Of all the statistics, the Cache hit and Input savings are the most important. The former tells you how well (or poorly) you use Anthropic's caching, something you can affect with your model use behavior. The latter how valuable caching is to your specific use of the caching feature. The other stats are mostly derived from those two.

Finally, in the per-model break-down, there are two percentage values in braces following the model name such as `(use-cost: 22% 63%)`. The two fractions respectively communicate that specific model's contribution to the total token use (input+output) and total cost. I.e. 22% in the example means the input token use for `claude-opus-4-1-20250805` contributed 22% of the total tokens processed by anthropic for the period. The second fraction; 63% means the cost contribution for those tokens in relation to all models used for the period.

These numbers are useful to get a sense of "bang for buck". For instance, is the output of Opus really worth the extremely high cost, or are you perhaps using Opus for things where Sonnet might have sufficed? 

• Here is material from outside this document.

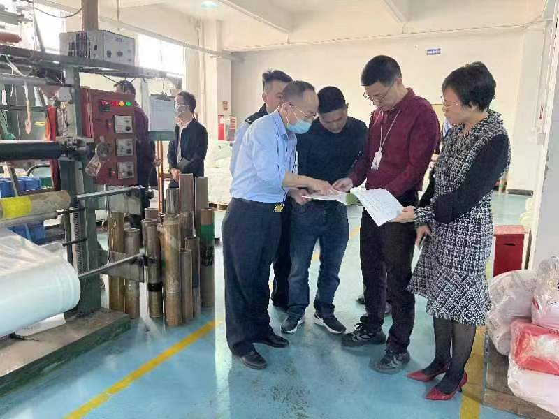 當(dāng)日下午,檢查組來到位于金環(huán)宇科技園的深圳市深源包裝材料有限公司,深圳市興合昇包裝材料有限公司以及深圳市瑞祥包裝制品有限公司,在公司負(fù)責(zé)人的帶領(lǐng)下,檢查人員詳細(xì)查看公司車間、半成品倉庫及成品倉庫,詢問公司經(jīng)營狀況。據(jù)公司負(fù)責(zé)人介紹,開年后,訂單逐漸增多,信心更足了。檢查人員發(fā)現(xiàn),3家印刷企業(yè)主要承接外加工,生產(chǎn)紙箱、產(chǎn)品標(biāo)識(shí)或不干膠膠紙等,檢查人員向公司負(fù)責(zé)人宣傳相關(guān)法律法規(guī)及印刷行業(yè)規(guī)范標(biāo)準(zhǔn),要求企業(yè)嚴(yán)格落實(shí)《印刷行業(yè)五項(xiàng)管理制度》,包括承印驗(yàn)證、承印登記、印刷品保管、印刷品交付、印刷活動(dòng)殘次品銷毀等制度,做好五項(xiàng)管理制度臺(tái)賬,禁止承接和印刷含有反動(dòng)、淫穢、迷信內(nèi)容和國家明令禁止的印刷品及其他內(nèi)容的印刷品。要加強(qiáng)安全生產(chǎn),及時(shí)發(fā)現(xiàn)并消除各類安全隱患,確保員工生命安全和身體健康。

Like for Input/output token ratio, these numbers are mostly about you and _your_ behavioral use of the models, trying to surface dimensions that _might_ save you even more money if you changed your model use slightly. For a very model-concious user it would of course mean something slightly different. In the example above; that there is a significant number of tasks / questions for where Sonnet simply isn't good enough, and where one has to _pay through the nose_ by using Opus instead to get the output quality required. In other words, these numbers just help surface usage information and how that usage contributes to what you pay. What the numbers mean is entirely dependent on what you prioritize and need. They are just statistics about your use and the relative cost of that specific use.

## Updating pricing / Staying up-to-date

This script uses a pricing file derived from Anthropic's published model pricing pages since Anthropic does not provide an API for fetching this information automtically. As such this snapshot-information is likely to become stale if anthropic either introduces new models or changes the pricing for any of them, including the caching discounts.

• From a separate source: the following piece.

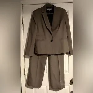Kasper 2 Piece Tan & Black Print Pant Suit Women Size 14 Business Classic

For that reason the pricing information embedded is saved as a JSON file upon first use to your home directory, in the folder `$HOME/.config/claude-cache-savings/config.json` or on windows ``%HOMEPATH%\.config\claude-cache-savings\config.json`.

If pricing changes, you can just revise the numbers in that file.

### Config file (& missing model-id warning)

The config file has two elements to it:
1. The pricing dimensions for each model **family**, in $ (USD) / 1M tokens as shown on the provider's pricing related web pages.
2. A mapping between a specific model ID and a model family.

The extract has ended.